What CEO could possibly resist pushing stock buybacks, given that nearly all of his or her income is based on stock incentives?

Between November 1998 and January 2024, Boeing filed 491 Worker Adjustment and Retraining Notifications (WARN) amounting to approximately 45,000 layoffs. This is in a company with about 140,000 employees. Might those layoffs have had something to do with why the FAA grounded 171 Boeing 737-9 MAX airplanes after the door plug blew out of the fuselage? Might that be a reason why the FAA is now investigating “manufacturing practices and production lines, including those involving subcontractor Spirit AeroSystems, bolstering its oversight of Boeing, and examining potential system change?”

And it gets worse, because Boeing’s subcontractor, Sprit AeroSystems, subcontracted the faulty door plug production to another facility based in Malaysia, reports the National Transportation Safety Board. Good luck with that investigation.

Will government regulators have the guts to expose the chain that connects Wall Street-induced stock buybacks to cost cutting to layoffs to subcontracting to safety problems? The jury is out.
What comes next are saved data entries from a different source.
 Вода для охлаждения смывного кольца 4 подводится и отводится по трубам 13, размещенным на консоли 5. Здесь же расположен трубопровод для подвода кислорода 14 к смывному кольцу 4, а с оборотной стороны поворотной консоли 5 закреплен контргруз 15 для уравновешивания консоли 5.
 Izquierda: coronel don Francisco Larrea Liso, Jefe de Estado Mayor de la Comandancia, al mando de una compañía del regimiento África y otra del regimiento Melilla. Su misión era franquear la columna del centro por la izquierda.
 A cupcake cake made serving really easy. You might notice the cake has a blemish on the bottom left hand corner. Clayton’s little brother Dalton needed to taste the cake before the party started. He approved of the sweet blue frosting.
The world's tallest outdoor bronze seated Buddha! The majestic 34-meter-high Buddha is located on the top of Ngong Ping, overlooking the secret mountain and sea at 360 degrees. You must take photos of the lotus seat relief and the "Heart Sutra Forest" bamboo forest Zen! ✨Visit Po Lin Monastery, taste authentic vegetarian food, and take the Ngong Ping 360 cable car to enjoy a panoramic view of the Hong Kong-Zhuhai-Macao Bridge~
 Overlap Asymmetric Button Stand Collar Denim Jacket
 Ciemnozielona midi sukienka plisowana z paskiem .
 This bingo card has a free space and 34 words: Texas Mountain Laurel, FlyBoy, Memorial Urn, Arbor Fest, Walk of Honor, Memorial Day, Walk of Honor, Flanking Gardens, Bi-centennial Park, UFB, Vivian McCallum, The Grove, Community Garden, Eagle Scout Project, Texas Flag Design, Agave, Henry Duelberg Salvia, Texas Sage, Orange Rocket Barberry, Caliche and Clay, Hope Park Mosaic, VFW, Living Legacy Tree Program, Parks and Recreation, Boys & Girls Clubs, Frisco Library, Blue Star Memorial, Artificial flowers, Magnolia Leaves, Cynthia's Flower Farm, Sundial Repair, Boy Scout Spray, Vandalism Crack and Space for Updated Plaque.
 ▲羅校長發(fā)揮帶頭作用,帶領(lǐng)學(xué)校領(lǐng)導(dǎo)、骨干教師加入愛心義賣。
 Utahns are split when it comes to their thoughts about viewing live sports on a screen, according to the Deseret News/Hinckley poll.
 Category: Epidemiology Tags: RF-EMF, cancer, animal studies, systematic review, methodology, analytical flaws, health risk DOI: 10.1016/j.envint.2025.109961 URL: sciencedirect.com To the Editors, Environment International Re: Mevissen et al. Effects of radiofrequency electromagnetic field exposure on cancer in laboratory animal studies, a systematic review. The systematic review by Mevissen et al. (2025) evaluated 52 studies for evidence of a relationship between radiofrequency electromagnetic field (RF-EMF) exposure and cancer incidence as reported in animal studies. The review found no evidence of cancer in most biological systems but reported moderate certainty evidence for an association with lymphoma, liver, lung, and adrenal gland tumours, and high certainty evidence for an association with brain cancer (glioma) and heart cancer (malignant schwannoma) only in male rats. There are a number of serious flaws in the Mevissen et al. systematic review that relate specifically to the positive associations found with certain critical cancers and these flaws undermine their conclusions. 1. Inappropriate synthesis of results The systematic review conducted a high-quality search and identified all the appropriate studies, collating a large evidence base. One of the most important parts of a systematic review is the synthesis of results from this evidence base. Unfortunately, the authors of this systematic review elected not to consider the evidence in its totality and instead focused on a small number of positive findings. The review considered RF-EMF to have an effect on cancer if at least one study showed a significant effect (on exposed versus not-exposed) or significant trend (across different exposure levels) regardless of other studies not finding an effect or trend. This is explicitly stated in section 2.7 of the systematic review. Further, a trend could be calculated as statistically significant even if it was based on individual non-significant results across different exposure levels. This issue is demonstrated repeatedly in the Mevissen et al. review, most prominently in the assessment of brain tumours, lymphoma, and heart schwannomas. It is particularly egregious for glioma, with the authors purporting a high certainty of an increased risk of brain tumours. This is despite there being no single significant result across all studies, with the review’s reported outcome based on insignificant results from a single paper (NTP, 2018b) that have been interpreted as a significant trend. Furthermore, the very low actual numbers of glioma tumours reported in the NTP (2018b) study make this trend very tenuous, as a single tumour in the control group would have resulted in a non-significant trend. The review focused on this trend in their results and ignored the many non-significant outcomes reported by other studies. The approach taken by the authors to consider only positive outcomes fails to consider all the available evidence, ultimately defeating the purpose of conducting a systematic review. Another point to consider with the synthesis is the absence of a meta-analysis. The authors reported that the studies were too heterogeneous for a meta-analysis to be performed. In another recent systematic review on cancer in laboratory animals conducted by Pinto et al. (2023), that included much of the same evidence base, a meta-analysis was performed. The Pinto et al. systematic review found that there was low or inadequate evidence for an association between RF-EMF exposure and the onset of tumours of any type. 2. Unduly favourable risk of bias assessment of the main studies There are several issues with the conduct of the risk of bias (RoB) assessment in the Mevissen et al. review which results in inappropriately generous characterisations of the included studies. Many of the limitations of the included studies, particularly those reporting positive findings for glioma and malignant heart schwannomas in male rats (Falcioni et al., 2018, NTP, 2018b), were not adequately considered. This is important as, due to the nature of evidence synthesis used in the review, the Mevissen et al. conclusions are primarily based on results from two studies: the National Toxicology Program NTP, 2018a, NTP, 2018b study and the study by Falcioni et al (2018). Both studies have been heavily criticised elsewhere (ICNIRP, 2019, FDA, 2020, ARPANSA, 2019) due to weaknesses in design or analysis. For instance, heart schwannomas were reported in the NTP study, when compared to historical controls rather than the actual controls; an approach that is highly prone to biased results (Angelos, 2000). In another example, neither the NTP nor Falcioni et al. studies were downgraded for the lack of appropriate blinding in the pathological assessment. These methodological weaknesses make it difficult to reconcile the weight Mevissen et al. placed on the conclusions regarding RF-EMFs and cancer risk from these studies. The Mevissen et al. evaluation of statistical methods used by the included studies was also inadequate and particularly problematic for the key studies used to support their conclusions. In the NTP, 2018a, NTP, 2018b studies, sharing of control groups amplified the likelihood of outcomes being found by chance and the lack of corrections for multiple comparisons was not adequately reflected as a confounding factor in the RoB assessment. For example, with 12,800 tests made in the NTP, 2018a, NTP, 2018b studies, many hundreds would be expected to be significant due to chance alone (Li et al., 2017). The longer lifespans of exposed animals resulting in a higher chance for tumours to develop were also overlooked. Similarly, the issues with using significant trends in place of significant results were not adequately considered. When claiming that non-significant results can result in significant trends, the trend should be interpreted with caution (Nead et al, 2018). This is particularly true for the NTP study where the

While the door-plug investigation will certainly put the spotlight on Boeing, the problem is systemic. In research for my book, Wall Street’s War on Workers, we found that more than 30 million workers have lost their jobs in the last three decades due to mass layoffs. Money that could have been spent on research, development, safety, and employee compensation in all kinds of industries was instead used to enrich shareholders. Literally trillions of dollars in stock buybacks have killed jobs and corporate reinvestment, leading to countless production problems throughout the economy. And that’s in addition to how workers, their families, and their communities have suffered indirectly during mass layoffs.

Until stock repurchases are outlawed, as they essentially were before 1982, Wall Street and its CEO partners in corporation after corporation will continue to deploy what Lazonick correctly calls a license to loot.

It's a massive problem. Overall, approximately 70 percent of all corporate profits go into stock buybacks, up from 2 percent in 1982. (Data compiled by the Academic-Industry Research Network.)

Until stock repurchases are outlawed, as they essentially were before 1982, Wall Street and its CEO partners in corporation after corporation will continue to deploy what Lazonick correctly calls a license to loot.

Next time you stuff yourself into an airline seat that is ridiculously cramped, just remember that seat you’re sitting in was shaped by stock buybacks. And if you get a coveted exit row seat to stretch out a bit, you’d better think good thoughts about the underpaid, overworked, sub-contracted workers who may have made the door.